Published online by Cambridge University Press: 23 May 2014
Parallel with and spurred on in part by the emergence of Jamaican reggae onto the international pop music scene in the mid-1970s, the Jamaican Rastafarian movement, whose origins are to be found on the island of Jamaica in the early 1930s, has within the past two decades managed to expand beyond its island homeland and attract a widespread and culturally diverse global following.
Until now, the movement has drawn its largest and most committed following from among those whose indigenous culture has been suppressed, and in certain instances completely supplanted, by Western models imposed during centuries of European and American colonial expansion.

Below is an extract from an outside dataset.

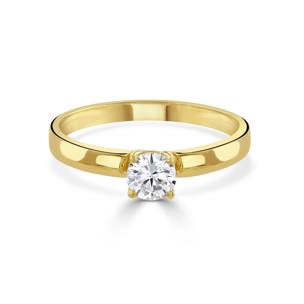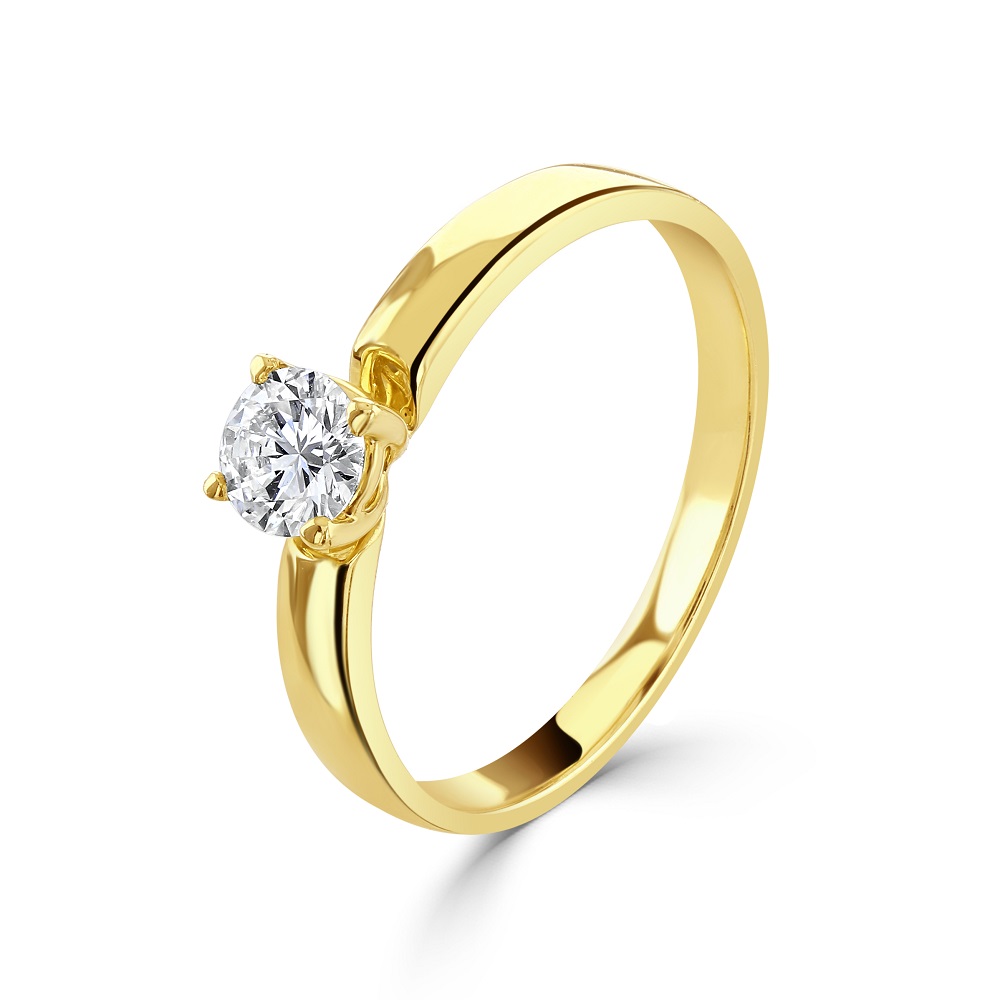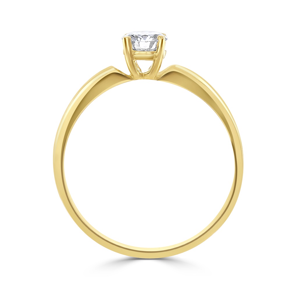 A timeless and elegant 18ct yellow gold solitaire ring, an exquisite piece that combines classic charm with a touch of modern sophistication. This luxurious ring features a stunning round brilliant-cut diamond, securely held by four claws to maximize its sparkle and brilliance. The diamond weighs 0.32 carats and is perfectly showcased atop a beautifully crafted yellow gold band. Enhancing the ring's unique design are intricate cut-outs on the shoulders, adding an artistic flair and allowing more light to reach the diamond, thus intensifying its radiance. The warm hue of the 18ct yellow gold complements the clear, sparkling diamond, creating a harmonious and captivating look. Ideal for engagements, anniversaries, or as a special gift, this single stone ring is a testament to enduring style and quality craftsmanship. Its refined design and attention to detail make it a standout piece that is sure to be cherished for generations.
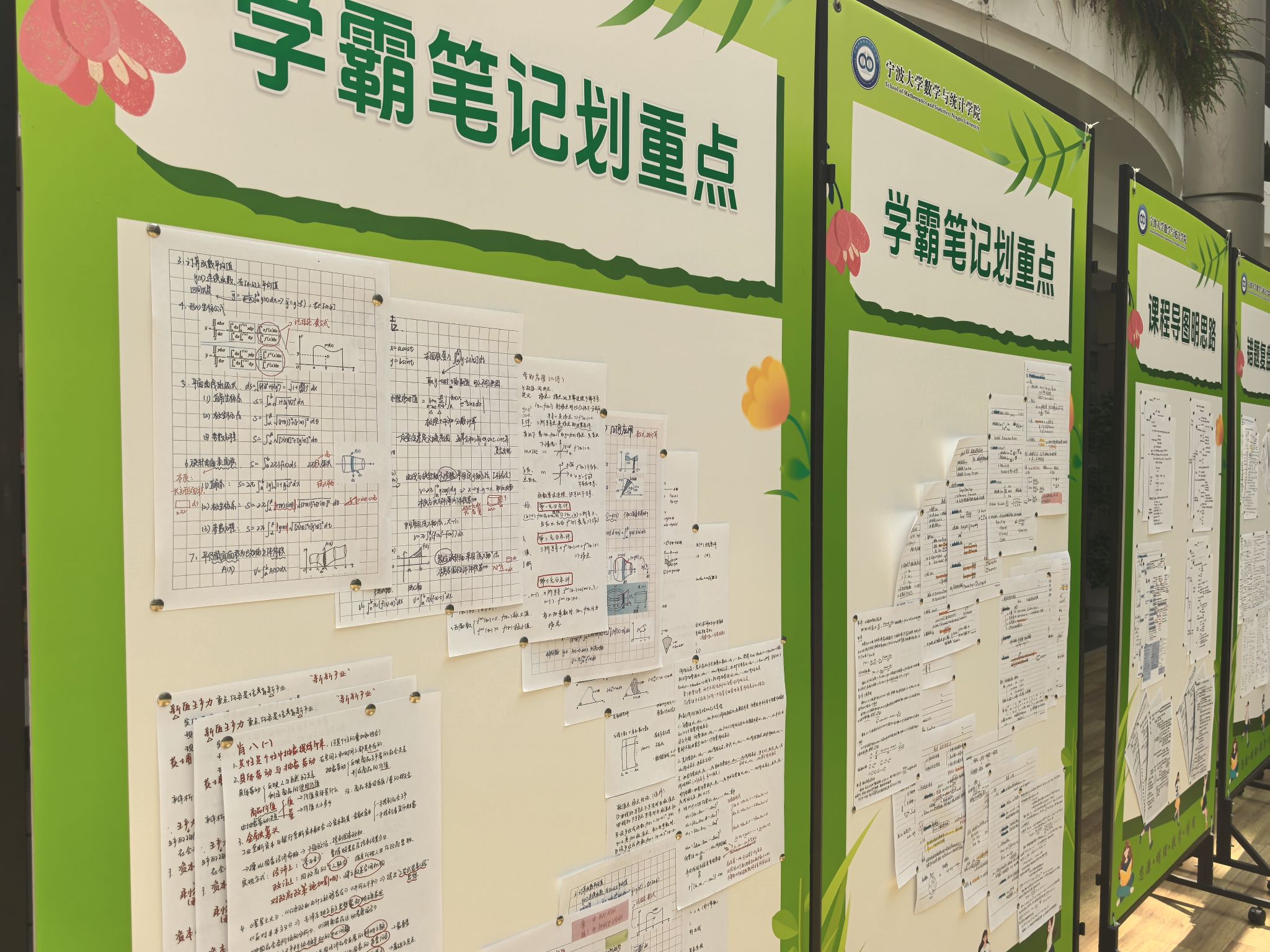 在学院大厅的展陈区域内,数份打印版复习资料分类有序粘贴在展板上,内容覆盖数学分析、高等代数、概率论与数理统计等核心科目。这些资料中,既有学长学姐们对知识点的系统梳理与真题解析,也包含易错题型标注及解题思路批注,部分草稿纸上还留存着反复推导的公式与修正痕迹,真实还原了学长学姐们备考过程中的思维轨迹。例如,其中一份高等代数笔记通过不同颜色标注定理证明的关键步骤,概率论习题集页眉处详细记录着公式推导的延伸思考,为学弟学妹们提供了可参照的学习范式。

For the young unemployed or underemployed Maori in New Zealand, Havasupai Indian living on a reservation at the bottom of the Grand Canyon, West Indian struggling for survival in Brixton and Ghanaian in Accra trying to come to terms with urban living in a multiethnic, post-colonial African society, adherence to Rastafari provides an alternative source of meaning and identity to a life frequently punctuated by hopelessness, alienation and despair in what is often perceived as a hostile, corrupt and hypocritical Eurocentric environment.
If Rastafarianism functions as an ideological corrective to the suffering, exploitation and alienation experienced by young people of color the world over, it holds an especially heightened resonance and appeal for Africans and those of African descent. And while the messages expounded by the Rastafari promote love and respect for all living things and emphasize the paramount importance of human dignity and self-respect, above all else they speak of freedom from spiritual, psychological as well as physical slavery and oppression (things Africans have come to know much about over the course of the last four centuries, be it directly via the holocaust of the Middle Passage or indirectly through the degrading experience of colonization).